Sobreviveu a uma bomba atômica que matou 140 mil pessoas
numa cidade com 340 mil habitantes.
Casou-se com outra sobrevivente e teve dois filhos perfeitos,
numa época em que defeitos congênitos em bebês eram comuns.
Aos 75 anos, tem saúde invejável: trabalha de manhã e de tarde
no caixa da mercearia de sua família, na zona sul de São Paulo.
De noite, dá uma olhada no restaurante do qual é sócio, no bairro
da Conceição, onde sempre toma
uma cerveja com a refeição.
Mas Morita também foi vítima
de um azar. E dos grandes: em
1945, era policial militar em Tóquio. Pediu remanejamento para
Hiroshima e chegou lá no dia 1º
de agosto, cinco dias antes da
bomba.
Ao mudar de cidade, Morita,
então com 21 anos, buscava dois
objetivos: distância dos bombardeios regulares que Tóquio sofria
e proximidade de seus pais, que
moravam em uma pequena cidade próxima de Hiroshima.
No caminho para o novo quartel, o policial tinha visto diversas
cidades queimando e, ao chegar,
se espantou com o bom estado de
Hiroshima. "Acho que eles estavam guardando para a bomba
atômica", diz hoje.
8h15, 6 de agosto de 1945
Na noite do dia 5, nem Morita
nem os 200 policiais que serviam
no quartel dormiram bem.
"Aviões voaram toda a noite.
Achamos que viria bombardeio."
Seus superiores logo tomaram
as providências: mandaram um
grupo de dez polícias cavar abrigos anti-aéreos num bairro próximo ao centro. Às 8h, Morita já havia tomado café da manhã e estava na rua com seus nove colegas.

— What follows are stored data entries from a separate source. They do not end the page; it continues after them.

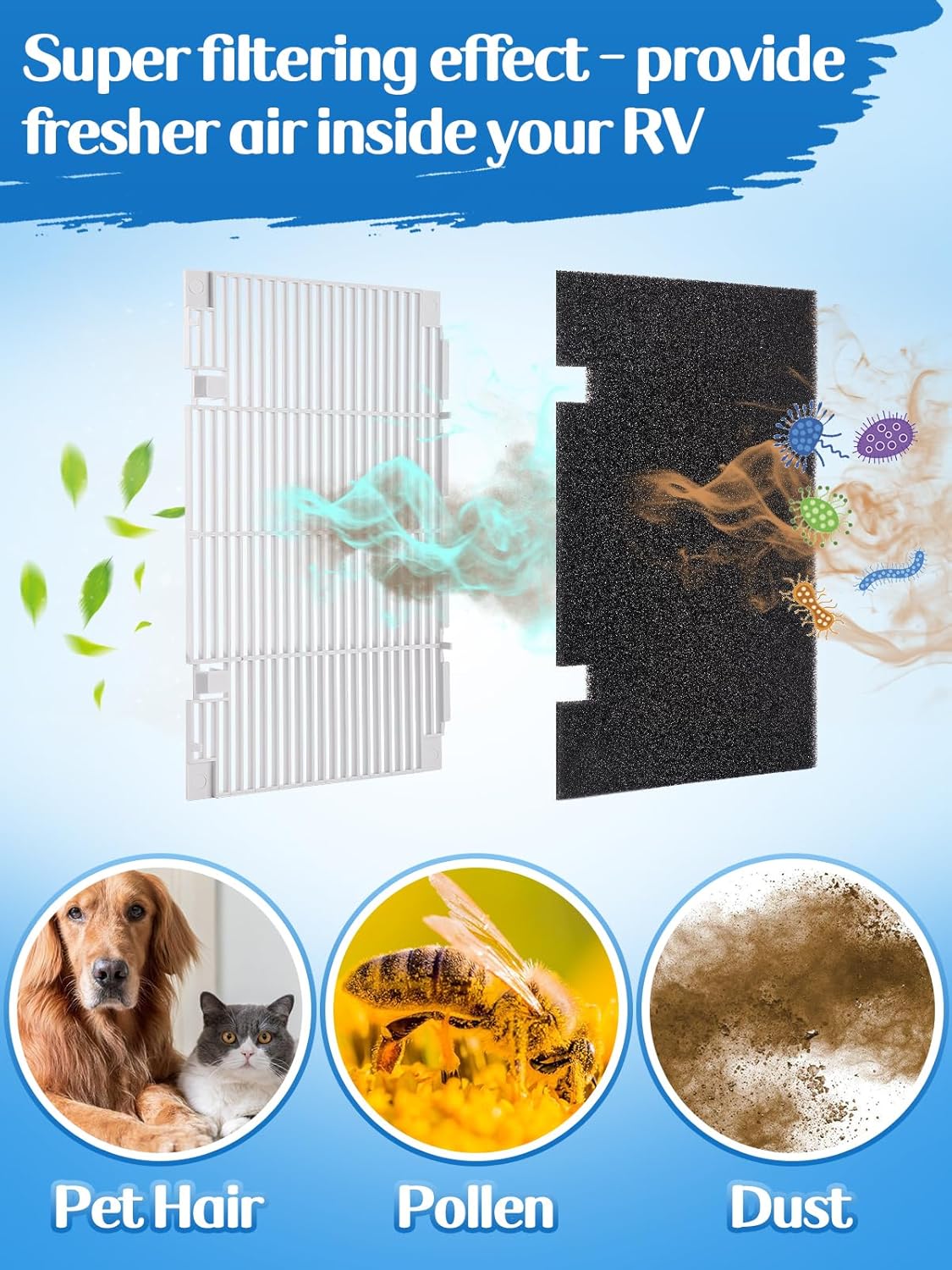 Transforme a experiência de climatização do seu RV com o nosso conjunto de 2 peças de grelha de ar condicionado A/C para RV, que inclui 4 filtros de ar. Este produto é a solução ideal para quem busca eficiência e proteção para o sistema de ar condicionado Dometic 3104928.019. Com um design inovador, as grelhas de ar substitutas não apenas se encaixam perfeitamente, mas também desempenham um papel crucial na captura de poeira, pelos de animais e outros detritos que podem comprometer o funcionamento do seu ar condicionado. Ao evitar que essas partículas entrem no sistema, você prolonga a vida útil do seu equipamento, garantindo um ambiente interno mais saudável e confortável.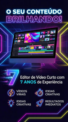 Experiência Real: 7 anos dominando ferramentas profissionais (Premiere/After Effects).
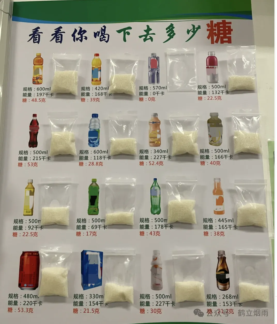 这个糖不是说你肉眼可见的白糖才叫糖,比如很多医院内分泌科都有这个图。很多你以为的健康的或者不健康的饮料里面,都有特别多的你看不见摸不着的糖。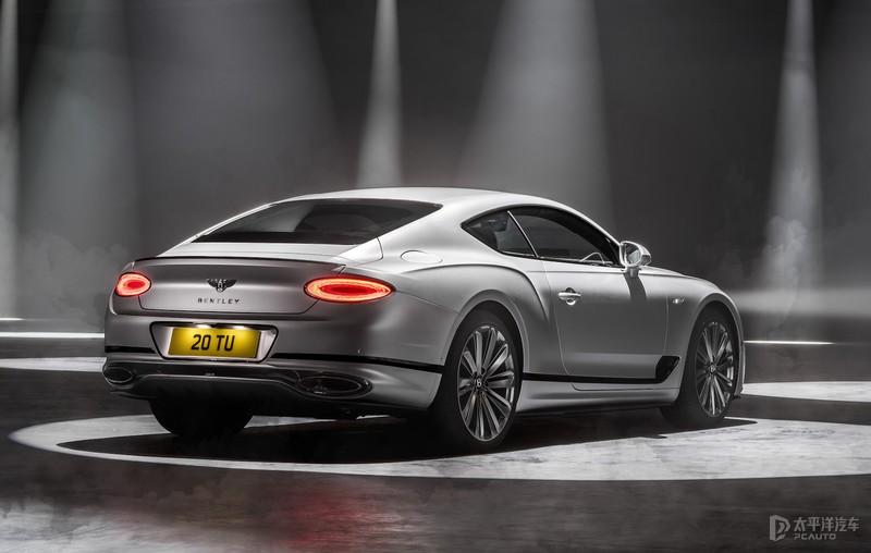 车尾部分变化则更为低调,椭圆形的精致尾灯与下方的穿孔套管设计的排气尾管可见宾利对细节极致追求。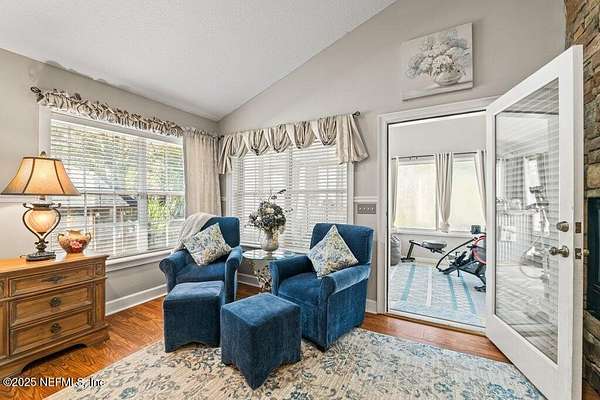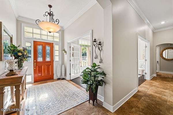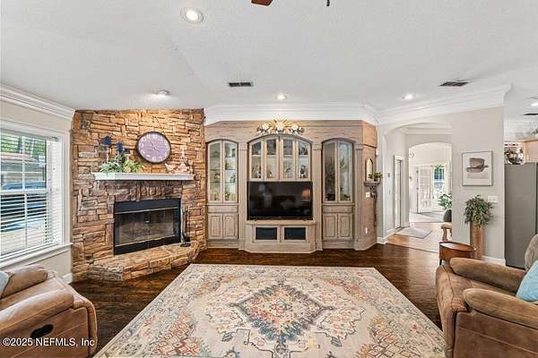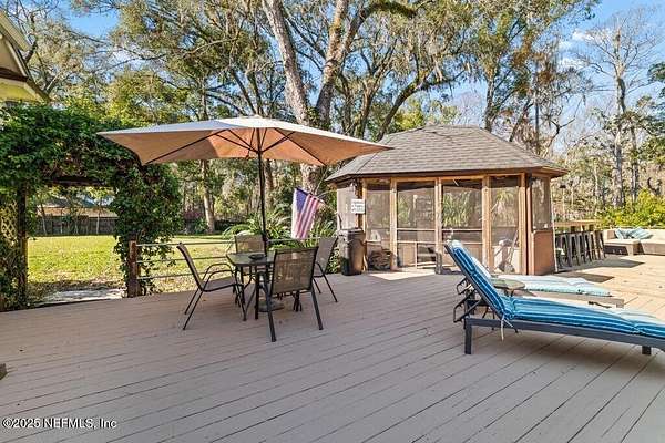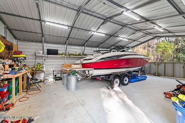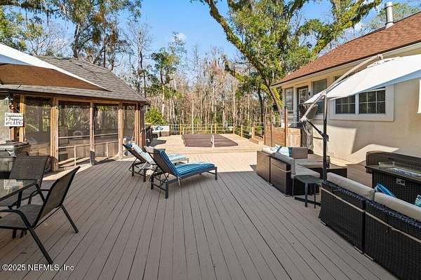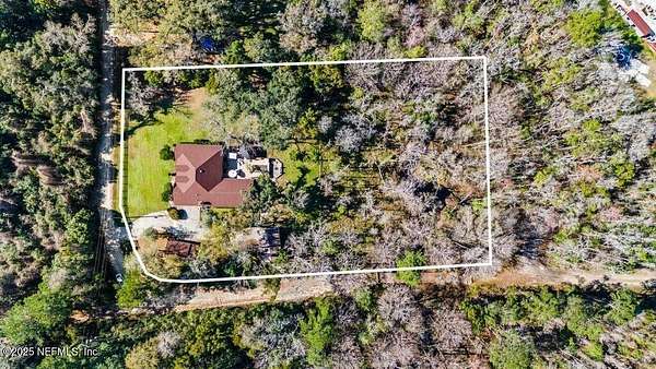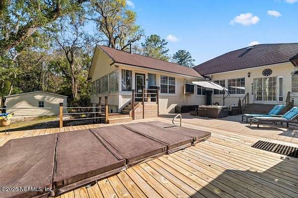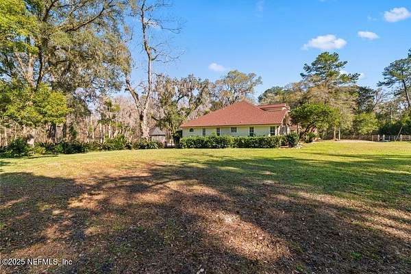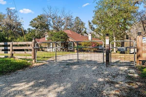 Welcome to your dream home, where country charm meets modern living in this incredible 4 bed / 2.5 bath / 3,128sq ft single story home! Nestled on 2 acres, enjoy entering your home by an automatic gate with the majority of your property fully fenced in. This expansive property is a true entertainer's paradise. The primary suite is a retreat of its own, featuring high ceilings, two generous walk-in closets, and a private lanai offering private access to your deck and sparkling Swim Spa pool. The kitchen is a chef's delight, with granite countertops, top-of-the-line stainless steel appliances, custom cabinetry, and island-perfect for both meal prep and gathering with loved ones. Enjoy added touches such as a breakfast bar, a butler's pantry with a beverage fridge, a convenient half bath, and a walk-in pantry that provides ample storage space. This home boasts a perfect split floor plan, a Jack and Jill bath, and an abundance of storage throughout. Unwind in the cozy living room beside the gorgeous stone wood-burning fireplace or in the luxurious primary bath by the inviting gas fireplace. Step outside to your own private oasis, where an incredible outdoor kitchen, refreshing pool, and a cozy fire pit await, creating the ideal setting for family gatherings and unforgettable evenings under the stars. This home also offers a 2-car garage, carport, and a spacious workshop equipped with WiFi, electric and water with space for all your storage needs. The property includes a pen ready for chickens and plenty of room to cultivate your dream garden. Surrounded by the serene sounds of nature with a tranquil creek at the back, this property is a true retreat with multiple fruit trees and pecan tree. Best of all, there are NO HOA or CDD feesjust pure peace and privacy! Don't wait! Schedule your showing today!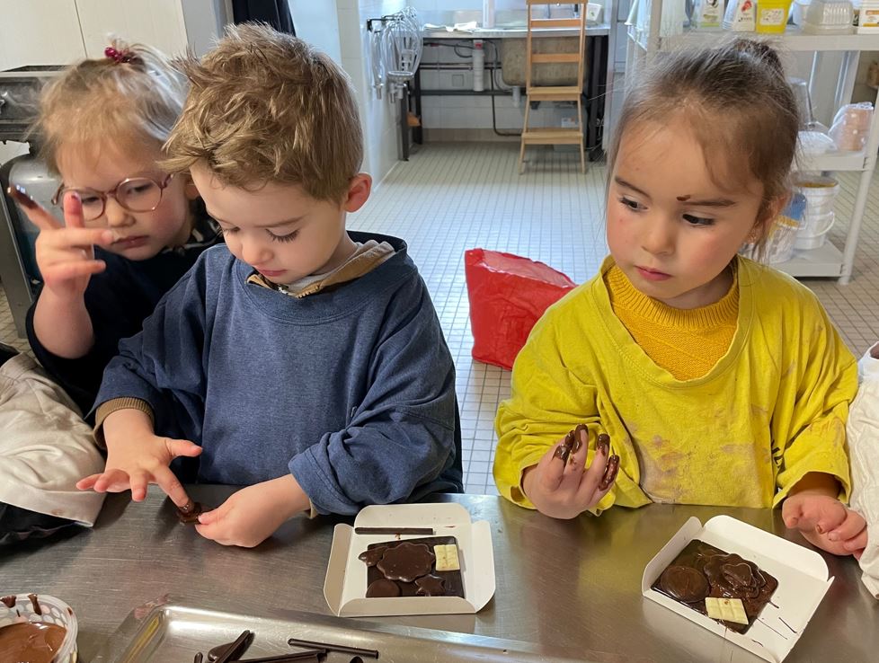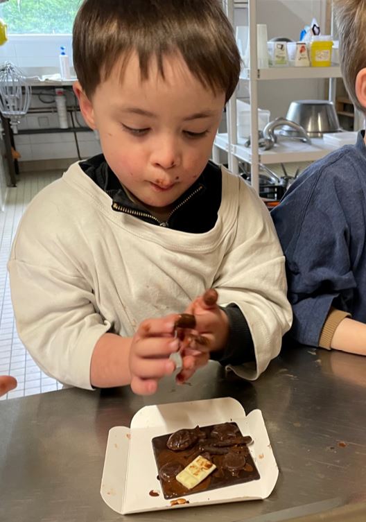Nous avons eu la chance de réaliser une atelier « Chocolat » à la boulangerie – chocolaterie Romélie, chez les parents d’Enzo !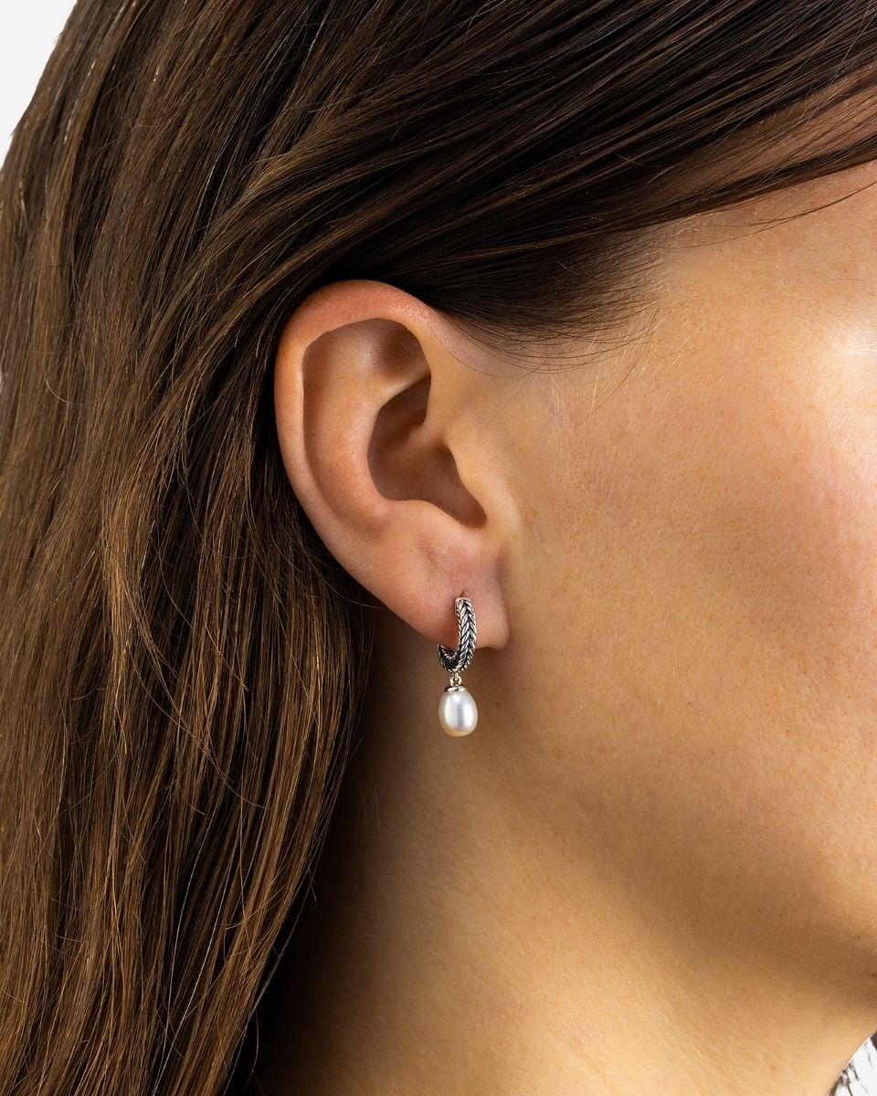 De Hoops Barbara Parel combineren tijdloze schoonheid met een gedurfd ontwerp. Met natuurlijke witte ovale zoetwaterparels voegen deze oorbellen een vleugje luxe toe aan de opvallende zilveren afwerking. De textuur op de oorbellen is geïnspireerd op het iconische Barbara-weefpatroon en creëert een boeiend contrast tussen het gedetailleerde ontwerp en de gladde, stralende parels. Gemaakt van hoogwaardig gerecycled 925 sterling zilver, bieden deze oorbellen zowel verfijning als duurzaamheid. Vier de schoonheid van contrast en vakmanschap met de Barbara Pearl Zilver Hoops, een perfecte mix van natuurlijke elegantie en iconisch design.

Pegaram um bonde e desceram
no terceiro ponto. "Íamos em fila
indiana quando surgiu uma claridade muito grande pelas nossas
costas. Não houve som nenhum,
não sentimos nada e fomos arremessados ao chão."
Eram 8h15, e a bomba havia explodido a 580 metros de altura,
sobre o centro da cidade. Apelidada de "Little Boy", tinha três metros e levava em sua barriga 60
quilos de urânio enriquecido. A
explosão matou 140 mil pessoas,
10% delas por radiação.
Algo que Morita jamais tinha
ouvido falar até aqueles dias. Assim que se recobrou do tombo,
recolocou um colega atordoado
na fila indiana e seguiram caminho. Morita chegou a pensar que
a explosão era num depósito de
fogos de artifício que havia ali.
Pouco depois, percebeu que o
céu estava escuro, quase noturno.
As casas estavam aos pedaços e
começavam a queimar. Morita e
seus colegas tiraram uma mulher
e um bebê do meio de escombros.
Em seguida, começou a chuva
negra, com partículas que a explosão libera. "Pensamos que era
óleo despejado pelos americanos
para nos queimar."
Lá pelo meio-dia, o policial foi
ao centro da cidade, tentar verificar o que havia ocorrido. "Vi prédios queimados, estruturas retorcidas, pedaços de colunas. E uma
montanha de cadáveres."
Dois dias depois, Morita foi
hospitalizado para tratar de suas
queimaduras na nuca. No dia seguinte, uma segunda bomba, esta
apelidada "Fat Man", com oito
quilos de plutônio, explodiu em
Nagasaki.
Ainda estava no hospital quando o Japão se rendeu, dias depois.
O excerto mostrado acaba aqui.